Mais j’ai appris à passer quelque chose. A force de colonies de vacances, oui, mais aussi à force de manifestations, d’éducation populaire, d’arpentages féministes, d’ateliers d’auto-gynéco, de conférences sur la grossophobie. J’ai appris à faire circuler ce que j’ai dans le ventre : des mots, des façons de me tenir, des manières de ne pas me perdre complètement quand ça tangue. J’ai appris que ça comptait, même sans diplôme, même sans titre, même sans estrade.

J’ai mis trop de temps à le savoir. À comprendre que ce que je faisais n’était pas un à-côté, pas un ersatz, pas une version ratée d’un rêve d’ado.Il y a des choses bonnes dans ce qu’on transmet comme ça. Des choses imparfaites, bricolées, parfois encore fragiles, mais bonnes quand même. Et aujourd’hui, je parle depuis un mélange savant de culot, de connaissances, d'expérience. Depuis ce que j’ai traversé, raté, compris trop tard. Depuis les limites que j’ai appris à poser, les silences que j’ai appris à tenir, les mots que je choisis de faire passer plutôt que d’autres. Je sais. 

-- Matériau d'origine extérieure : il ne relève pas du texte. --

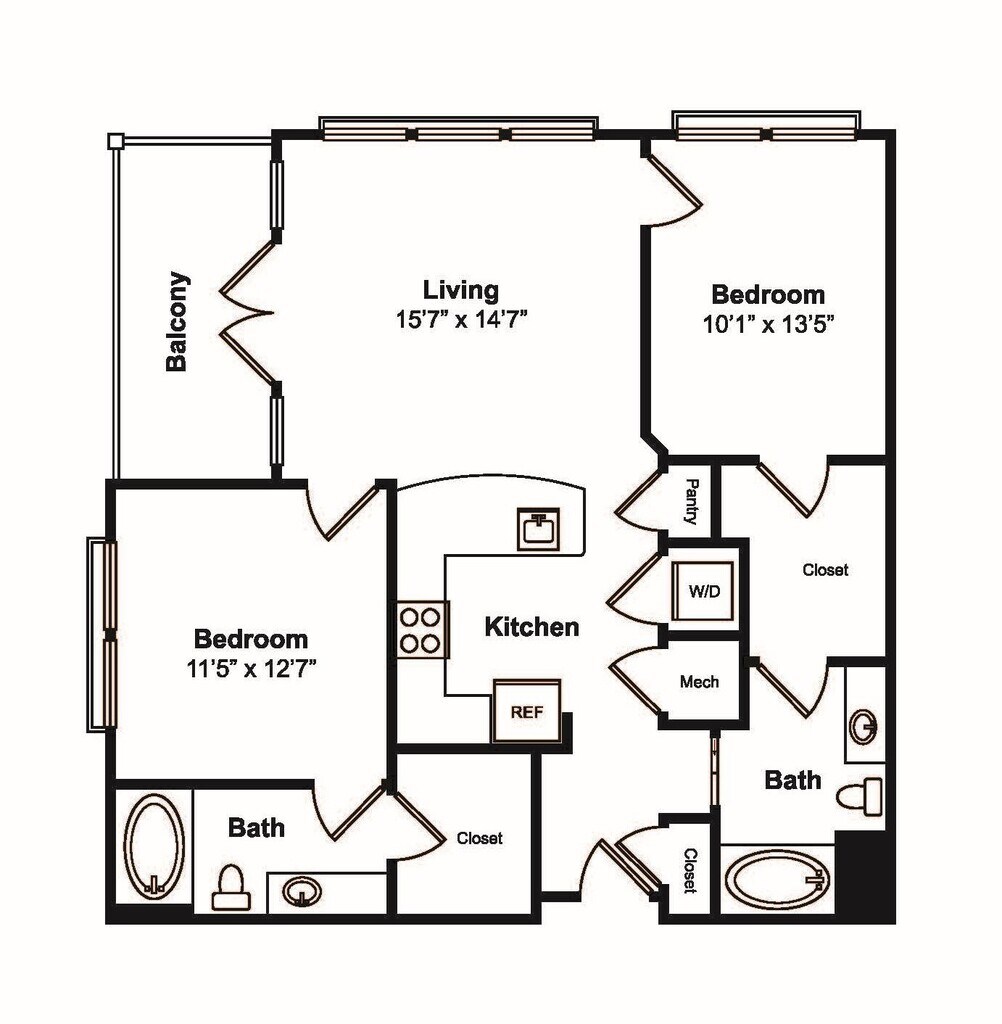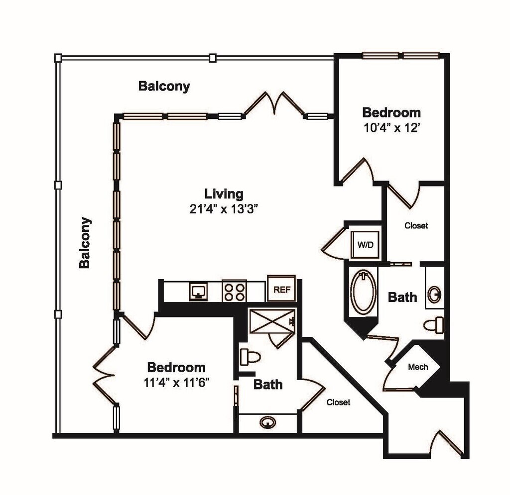 1 Bed, 1 Bath, 743 sq ftAvailable NowModel Gallery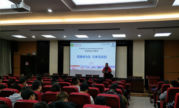 11月14日晚上,机电学院在中职园区学术报告厅举办“百善孝为先 行孝当及时”为主题的中华优秀传统文化“孝道”教育讲座,由党总支副书记焦爱新主讲,全体辅导员和2017级全体学生参加了活动。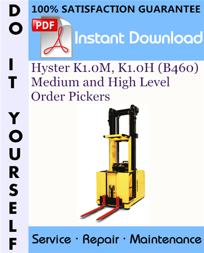 This is the COMPLETE factory Service Repair Workshop Manual for the Hyster K1.0M, K1.0H (B460) Medium and High Level Order Pickers. This manual is very detailed and contains information and data to this model. has specs, diagrams, and actual real photo illustrations, and schemes. which give you complete step by step operations on repair, assembly, disassembly, Diagnosing, servicing, technical maintenance & troubleshooting procedures for your machine.

Dans mon métier actuel, je forme, j’explique, je donne la parole, j’amplifie la voix des autres.
Je ne parle jamais  vraiment seule. Même quand je le suis. Je parle avec, à côté, parfois en retrait. Je fais circuler des récits qui ne sont pas les miens, ou pas seulement, et je veille à ne pas les lisser, à ne pas les rendre présentables, à ne pas les trahir.

Je travaille avec des personnes qui ont longtemps été sommées de se taire, de se soigner en silence, d’être reconnaissantes. Des personnes à qui on a expliqué leur propre vie, leur propre corps, leur propre souffrance. Alors je fais attention. Aux mots que j’emploie. À la place que je prends. À celle que je rends.

Je transmets des outils, des cadres, des histoires possibles. Des manières de faire lien sans se dissoudre, de s’engager sans s’écraser, de prendre soin sans se sacrifier.

Je crois profondément à l’intelligence collective, à la pair-aidance, à la puissance du vécu quand il est mis en commun, politisé, respecté. Je crois que le savoir ne descend pas d’une estrade, qu’il circule horizontalement, qu’il se fabrique à plusieurs, dans les plis, dans les contradictions, dans les zones grises.

Je ne suis pas prof.
Mais je participe à créer des espaces où quelque chose peut s’apprendre. Pas à marche forcée. Pas sous la menace d’une note. Je crois comprendre ce que ça coûte de transmettre sans dominer, d’accompagner sans posséder, de tenir une place sans s’y accrocher. 

Je sais que ce qui circule ne m’appartient pas, et que c’est très bien comme ça. Circulez, c’est beau, vous le faites très bien.